The Dyal WTP processes about nine billion gallons per year, with peak flows reaching 38 million gallons per day (mgd) during the summer. Daily flows average 25 mgd. The Dyal WTP is unusual for Central Florida because it is capable of treating both ground and surface water.

The flag was originally painted on the water tower free of charge by a Greek immigrant.
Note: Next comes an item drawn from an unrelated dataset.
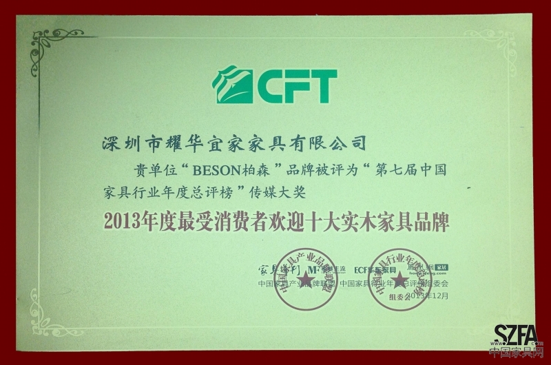 柏森家具在2013年度優(yōu)秀的表現(xiàn)和對中國家具的杰出貢獻(xiàn),榮獲了“2013年度最受消費者歡迎十大家具品牌”、“2013中國家具行業(yè)年度最佳原創(chuàng)品牌”、公司董事兼執(zhí)行總裁陳安南榮獲“2013中國家具行業(yè)年度十大企業(yè)家”稱號,品牌總監(jiān)張運金榮獲“2013中國家具行業(yè)年度杰出職業(yè)經(jīng)理人”稱號,斬獲四項大獎,是此次獲獎最多的企業(yè)之一。

He wanted to decorate the tower in time for the United States Bicentennial celebration in 1976. In 2014, the city refurbished and repainted the tower with the iconic American flags.

==Media==

===Radio stations===
- WMMV 1350 AM
- WWBC 1510 AM
- WMIE-FM 91.5
- WFLM 93.9 FM
- WRRQ-LP 96.9 FM

===Television station===
- WEFS 68, a public television station operated by Eastern Florida State College.

==Points of interest==
- Florida Solar Energy Center
- Brevard Museum of History & Natural Science
- Alma Clyde Field Library of Florida History

==Historic sites==
- Community Woman's Club
- Aladdin Theater
- Historic Derby Street Chapel
- Porcher House
- St. Mark's Episcopal Church

==Athletics==
The Houston Astros held spring training in Cocoa from 1964 through 1984, and the Florida Marlins trained in Cocoa in 1993. Cocoa Stadium was also the long-time home of the Florida State League Cocoa Astros.

In 2009, the Space Coast Surge, a member of the Florida Winter Baseball League, had Cocoa Stadium as its home stadium. The league suspended operations in November 2009.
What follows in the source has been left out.